We will continue to update you regarding the legal ramifications and impact of the Schrems II decision on data protection. For more information on how to navigate the everchanging landscape of data privacy and international data transfers, please contact Jessica Copeland, Amber Lawyer, John Clopper, Fred Price or any of the attorneys in the Cybersecurity and Data Privacy practice.
1 Currently the list includes: Andorra, Argentina, Canada (commercial organizations), Faroe Islands, Guernsey, Israel, Isle of Man, Japan, Jersey, New Zealand, Switzerland, and Uruguay.
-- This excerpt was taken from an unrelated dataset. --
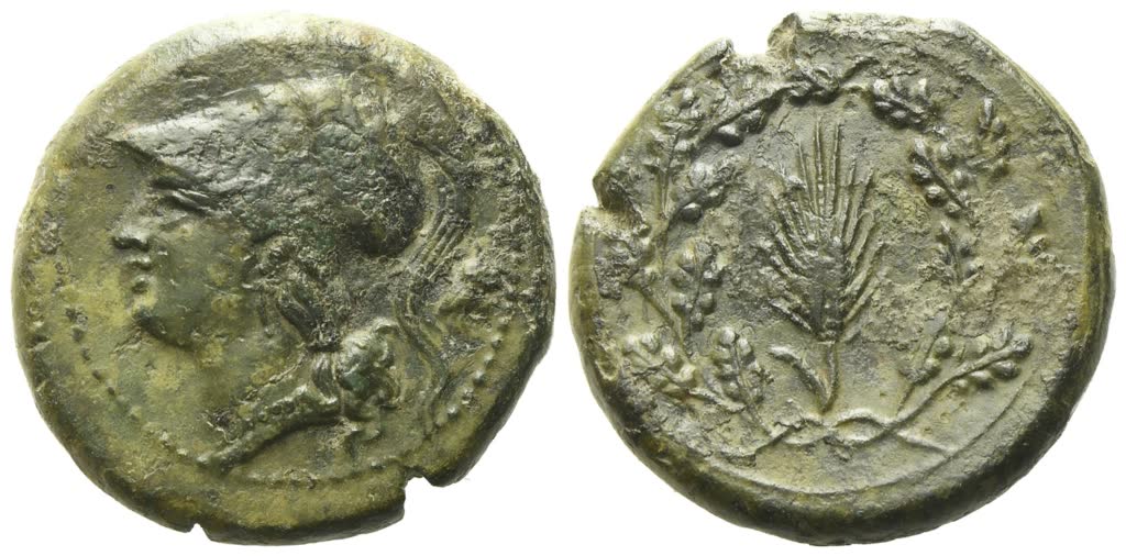 Head of Athena l., wearing crested Corinthian helmet ornamented with a griffin; behind, owl standing r., head facing; Rv. Grain ear within oak wreath. CNS II p. 334, 188; Virzi 1829. Olive green patina. Small edge splits, otherwise good very fine / near extremely fine.

2 An entity that is international can enter into BCRs, which need to be approved by a Supervisory Authority in the EU. These “rules” are essentially data protection policies adhered to by companies established in the EU for transfers of personal data outside of the EEA. Such rules must be enforced for the entire entity and shall include all general data protection principles and enforceable rights to ensure appropriate safeguards for data transfers. These rules must be legally binding.
3 Facebook Ireland collects data of EU resident Facebook users and transfers it to Facebook Inc. servers located in the United States.
4 It is important to note that the Department of Commerce will continue to administer the Privacy Shield program and enforce certification obligations on participating U.S. entities.